The second proposed method is for constructing gene co-expression networks based on single-cell RNA-Sequencing data. The algorithm is called LEAP, or Lagbased Expression Associations for Pseudotime-series data, and utilizes the estimated pseudotime of the cells to find gene co-expression that involves time delay, building off traditional time-series analysis techniques. Regular correlation-based GCNs only describe simultaneous gene co-expressions. By using the time information that is virtually freely available in scRNA-Seq data, LEAP is able to capture associations that were hidden by the time lags. The asymmetric associations detected by LEAP more likely reflect regulatory relationships as they describe which gene follows another gene in expression. Applied to a real data set, LEAP not only identifies more true relationships than a traditional correlation-based network, but also captures directed, and thereby regulatory, relationships.

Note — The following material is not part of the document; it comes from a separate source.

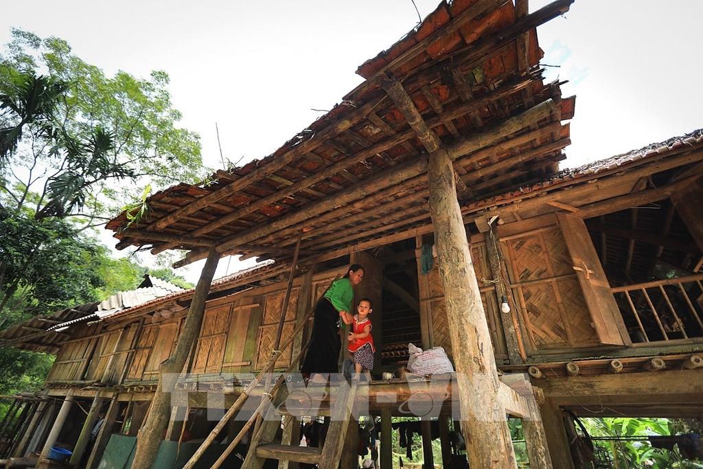 100% hộ dân nơi đây sinh sống trong những căn nhà sàn truyền thống, những phong tục, tập quán và nét sinh hoạt hằng ngày vẫn được gìn giữ hầu như nguyên vẹn. Ảnh: Trọng Đạt-TTXVN

Finally, the third method is a new way of detecting differentially expressed (DE) genes, which show different average expression levels in different sample groups, and thus can be important biological markers. While many methods have been proposed for detecting DE genes, and are generally very successful, these methods need to be further tailored and improved for cancerous data. Tumor samples often feature quite diverse expression—some even appear as huge outliers—and this diversity is much larger than that in the control group. The proposed method, DiPhiSeq, can detect not only genes that show different average expressions, but also genes that show different diversities of expressions in different groups. These "differentially dispersed" genes can be important clinical markers. DiPhiSeq uses a redescending penalty on the quasi-likelihood function, and thus has superior robustness against outliers and other noise. Simulations and real data analysis demonstrate that DiPhiSeq outperforms existing methods in the presence of outliers, and identifies unique sets of genes.
|Commitee:||Buechler, Steved, Li, Jun, Liu, Fang|
|School:||University of Notre Dame|
|Department:||Applied and Computational Mathematics and Statistics|
|School Location:||United States -- Indiana|
|Source:||DAI-B 80/06(E), Dissertation Abstracts International|
|Keywords:||Coexpression networks, Differential expression, Gene expression, Network analysis, RNA sequencing, Robust inference|
Copyright in each Dissertation and Thesis is retained by the author. All Rights Reserved
The supplemental file or files you are about to download were provided to ProQuest by the author as part of a
dissertation or thesis. The supplemental files are provided "AS IS" without warranty. ProQuest is not responsible for the
content, format or impact on the supplemental file(s) on our system. in some cases, the file type may be unknown or
may be a .exe file. We recommend caution as you open such files.
Copyright of the original materials contained in the supplemental file is retained by the author and your access to the
supplemental files is subject to the ProQuest Terms and Conditions of use.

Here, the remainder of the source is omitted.